Утром в газетах было объявление о шестидесятилетии писателя К — многолетнего друга Ю. К, товарища юности, свидетеля его первых литературных дебютов. Их связывало очень многое, но что — то и разделяло; не берусь сказать, что именно, хотя Олеша и рассказывал об этом, но как — то странно и недостоверно. Но в этот день, о чем бы мы ни говорили, он все время возвращался к юбилею К, возвращался по — разному — то драматически, то элегически, то с задором, то с какой — то тихой грустью. Уже вечером, и довольно поздно, Ю. К вдруг вскочил с места и заявил, что немедленно едет поздравлять К Он попросил бутылку коньяка, засунул ее почему — то во внутренний карман пиджака и пошел к выходу.

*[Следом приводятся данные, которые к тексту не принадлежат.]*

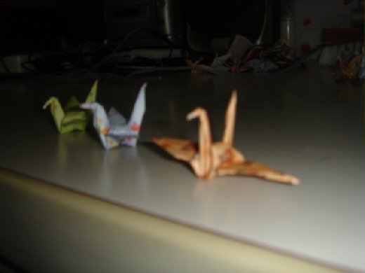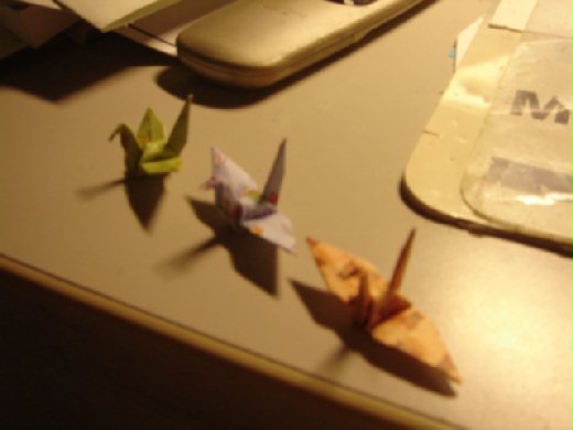 之前某一天.突然想到阿公很喜歡紙鶴.紙鶴又有著祈福作用.所以我決定做紙鶴給阿公.但是卻忘了怎麼做...想想班上同學誰會.牛~她會啦~!!果真問對人了.牛做的方式跟一般的不同.感覺又美.精緻了些.雖然步驟多了些..最後決定要去買紙.到了台北車站.還有毛.去挑紙.結果挑了3家.終於挑到了.(牛還一直怕帶我們去的地方沒有...哈哈.有什麼關西..^^) 到了老麥.3個人就開始狂做紙鶴.牛.毛做的超快了..多了我好以幾隻.雖然做紙鶴感覺很平常..不過當天心情卻很難說..同學幫我折紙鶴.我們最後做了200隻.要送給我阿公.雖然我做不到一半.但是那些紙鶴.卻是容了大家的祝福.有時候覺得.這些同學為什麼要幫我摺紙鶴?或許吧!大家只是同學一場.不過你們.人真的很好.當天沒跟你們說謝謝...真是sorry..唉..真不知道該怎麼說.最對不起的就是牛..謝謝你一直帶拖鞋給我穿.每次你都為我做很多.但是你要我做的事情(45問)我都還沒用.....你常常一直付出..你和志成都很好.希望明年.他會保證上台南一中!!牛你一向驕傲的事情.嘿黑~也要繼續自信下去喔.哈哈相信你會的!!最後也要謝謝小不點啦!!你也奮力的折好多..折到手酸.相信我阿公.有你們大家的祝福.一定會好很快!!謝謝你們

Через минуту он вернулся и предложил ехать с ним. Это было нелепо — все сидевшие за столом были незнакомы с К Олеша уговаривал, настаивал, требовал, потом как — то неожиданно легко согласился, что ехать действительно не стоит. Бутылка коньяка была водружена на стол. Дальше в разговоре Ю. К. назвал К. «братом», но тут же начал говорить злые парадоксы о братской любви. На короткое время мы остались вдвоем. Он вдруг спросил меня: кто лучше писатель — К или он? Я промолчал и подумал, что это молчание его рассердит. Но он не рассердился и, наклонившись ко мне, сказал:

— Пишу лучше я, но… — Он выдержал длинную театральную паузу. — Но его демон сильнее моего демона!..

Все это было какой — то очень сложной вариацией одной из тем «Зависти» и одновременно каких — то глубоко личных рефлексов — удивительная смесь литературы и живой человеческой боли, позы и искренности, но в этом — весь Олеша.

При каждой встрече он меня спрашивал, что я прочел нового, и говорил про себя, что он уже давно нового почти не читает, а главным образом перечитывает. Иногда мы спорили. Он не любил Бернарда Шоу и предпочитал ему Оскара Уайльда. Я не уступал ему АДюма — отца, а он мне Ростана, которого он любил всего. Обрадовался, узнав, что мне нравится Жюль Валлес. Говоря о новинках, я рассказал ему о «Человеческой комедии» Сарояна и сказал, что это написано так просто, что кажется, так мог бы написать каждый.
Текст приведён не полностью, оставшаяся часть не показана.